Listicle
8 min read
10 Things to Pack for a Tybee Island Beach Trip
The packing list a Tybee local would actually write — the things that come up after you've already left, plus the things you can safely leave at home.

There are two kinds of beach packing lists. The first is the one Google gives you: sunscreen, towel, swimsuit, snacks, repeat across a hundred blog posts. The second is the one a local writes after watching another summer of guests forget the same five things.
This is the second list. We've left out the obvious — you know to bring a swimsuit — and focused on the things that come up after you've already left, plus a few things you can safely leave at home.
1. A microfiber beach towel (not the fluffy hotel kind)
The big plush towel you brought from home will hold a half pound of sand for the rest of your trip.
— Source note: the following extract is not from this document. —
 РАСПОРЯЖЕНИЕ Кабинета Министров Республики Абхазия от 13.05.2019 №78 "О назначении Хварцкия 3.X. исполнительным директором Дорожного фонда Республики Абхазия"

A flat-weave microfiber towel sheds sand when you shake it, dries in twenty minutes, and folds down to the size of a paperback. If you're buying one, get a 60×30 — full body but not unwieldy.
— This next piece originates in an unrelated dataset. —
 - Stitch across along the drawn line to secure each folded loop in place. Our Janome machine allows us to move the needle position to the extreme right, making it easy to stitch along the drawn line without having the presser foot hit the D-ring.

We keep extras at the front desk if you forget yours — but you'll wish you'd had your own for the morning walk.
2. Polarized sunglasses (not just sunglasses)
The water off Tybee is bright. The glare off the wet sand at low tide is worse. Polarized lenses cut both. The difference between polarized and regular sunglasses on a sunny day on the pier is the difference between squinting all afternoon and actually seeing the bottlenose dolphins that come around at high tide.
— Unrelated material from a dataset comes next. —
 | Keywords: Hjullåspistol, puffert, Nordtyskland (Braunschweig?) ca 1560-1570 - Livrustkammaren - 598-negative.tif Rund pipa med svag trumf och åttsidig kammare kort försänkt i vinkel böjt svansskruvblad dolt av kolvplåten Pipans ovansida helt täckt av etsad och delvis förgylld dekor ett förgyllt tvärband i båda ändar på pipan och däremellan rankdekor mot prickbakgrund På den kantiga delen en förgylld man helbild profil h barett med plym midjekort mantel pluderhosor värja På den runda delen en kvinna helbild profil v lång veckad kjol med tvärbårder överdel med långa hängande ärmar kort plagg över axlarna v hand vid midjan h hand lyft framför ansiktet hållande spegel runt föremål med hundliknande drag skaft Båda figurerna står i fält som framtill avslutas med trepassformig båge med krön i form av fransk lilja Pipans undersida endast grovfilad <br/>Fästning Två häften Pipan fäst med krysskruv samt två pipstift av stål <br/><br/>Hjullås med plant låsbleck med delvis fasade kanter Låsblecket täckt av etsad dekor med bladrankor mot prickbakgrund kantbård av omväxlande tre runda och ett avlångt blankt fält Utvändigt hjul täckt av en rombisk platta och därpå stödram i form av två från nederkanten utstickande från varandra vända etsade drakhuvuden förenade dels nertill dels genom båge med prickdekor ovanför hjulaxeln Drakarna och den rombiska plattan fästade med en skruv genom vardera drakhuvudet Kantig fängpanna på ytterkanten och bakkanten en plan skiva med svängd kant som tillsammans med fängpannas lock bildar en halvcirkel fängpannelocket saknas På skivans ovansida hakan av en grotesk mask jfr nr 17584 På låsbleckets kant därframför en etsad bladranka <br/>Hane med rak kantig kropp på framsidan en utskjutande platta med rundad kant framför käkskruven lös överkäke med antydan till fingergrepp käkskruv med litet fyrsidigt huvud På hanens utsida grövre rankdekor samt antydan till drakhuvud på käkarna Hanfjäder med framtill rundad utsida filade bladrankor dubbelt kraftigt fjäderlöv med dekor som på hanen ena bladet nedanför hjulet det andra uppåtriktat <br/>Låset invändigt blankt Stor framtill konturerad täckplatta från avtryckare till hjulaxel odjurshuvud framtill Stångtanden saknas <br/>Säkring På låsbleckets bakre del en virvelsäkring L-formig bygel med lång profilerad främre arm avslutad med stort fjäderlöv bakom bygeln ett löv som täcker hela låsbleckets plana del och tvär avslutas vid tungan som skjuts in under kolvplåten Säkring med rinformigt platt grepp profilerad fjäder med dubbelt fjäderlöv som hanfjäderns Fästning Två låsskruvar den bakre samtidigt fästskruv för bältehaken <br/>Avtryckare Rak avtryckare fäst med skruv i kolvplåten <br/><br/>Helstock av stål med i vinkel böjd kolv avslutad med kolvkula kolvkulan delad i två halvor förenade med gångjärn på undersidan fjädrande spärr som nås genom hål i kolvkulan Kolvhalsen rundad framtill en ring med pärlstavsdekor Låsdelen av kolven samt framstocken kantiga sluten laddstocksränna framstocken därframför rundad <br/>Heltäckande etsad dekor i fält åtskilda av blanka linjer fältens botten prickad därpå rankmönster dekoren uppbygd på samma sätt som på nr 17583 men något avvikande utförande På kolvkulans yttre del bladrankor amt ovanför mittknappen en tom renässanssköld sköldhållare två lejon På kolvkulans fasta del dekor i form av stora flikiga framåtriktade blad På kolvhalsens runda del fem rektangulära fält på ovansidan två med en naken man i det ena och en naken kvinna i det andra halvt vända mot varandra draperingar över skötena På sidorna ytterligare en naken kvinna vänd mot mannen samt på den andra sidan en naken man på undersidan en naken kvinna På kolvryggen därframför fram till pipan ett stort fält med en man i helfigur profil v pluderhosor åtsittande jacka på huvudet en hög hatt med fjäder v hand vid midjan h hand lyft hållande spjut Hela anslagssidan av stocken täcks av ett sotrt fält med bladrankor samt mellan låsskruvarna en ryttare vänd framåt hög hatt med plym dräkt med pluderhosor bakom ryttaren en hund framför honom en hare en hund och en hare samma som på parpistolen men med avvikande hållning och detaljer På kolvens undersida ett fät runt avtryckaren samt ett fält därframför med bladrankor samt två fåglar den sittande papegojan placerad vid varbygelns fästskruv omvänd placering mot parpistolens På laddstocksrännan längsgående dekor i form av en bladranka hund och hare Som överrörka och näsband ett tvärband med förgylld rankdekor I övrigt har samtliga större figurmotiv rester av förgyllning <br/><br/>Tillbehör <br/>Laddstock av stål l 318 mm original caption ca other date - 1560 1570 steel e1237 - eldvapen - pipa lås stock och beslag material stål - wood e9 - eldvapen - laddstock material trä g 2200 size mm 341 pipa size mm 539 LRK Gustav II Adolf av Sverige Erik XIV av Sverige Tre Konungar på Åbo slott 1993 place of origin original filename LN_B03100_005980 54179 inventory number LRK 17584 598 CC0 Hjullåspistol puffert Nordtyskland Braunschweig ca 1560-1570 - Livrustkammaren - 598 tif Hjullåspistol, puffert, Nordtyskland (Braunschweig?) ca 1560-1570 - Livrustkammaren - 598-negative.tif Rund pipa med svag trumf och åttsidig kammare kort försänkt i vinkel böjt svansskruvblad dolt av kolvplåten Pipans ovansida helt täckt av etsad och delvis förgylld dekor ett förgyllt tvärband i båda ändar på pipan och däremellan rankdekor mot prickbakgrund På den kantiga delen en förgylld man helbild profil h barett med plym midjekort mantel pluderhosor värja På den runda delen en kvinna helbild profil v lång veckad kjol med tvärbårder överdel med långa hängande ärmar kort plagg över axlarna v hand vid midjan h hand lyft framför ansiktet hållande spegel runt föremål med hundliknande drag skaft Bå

Cheap polarized works fine. You don't need designer.
3. Reef-safe sunscreen — and SPF lip balm
A few rules:
- Reef-safe matters here. Tybee's beaches are loggerhead turtle nesting grounds from May through October. The chemicals in conventional sunscreens (oxybenzone, octinoxate) wash off swimmers and accumulate in coastal ecosystems. Mineral formulas (zinc oxide, titanium dioxide) work without the runoff.
- Reapply more than you think. Salt water, sweat, and humidity strip sunscreen faster than freshwater pools. Plan to reapply every 90 minutes.
- Lip balm with SPF is the one most-forgotten thing. Lips burn surprisingly fast in the reflective light off the sand. A tube of SPF 30 lip balm lives in everyone's beach bag.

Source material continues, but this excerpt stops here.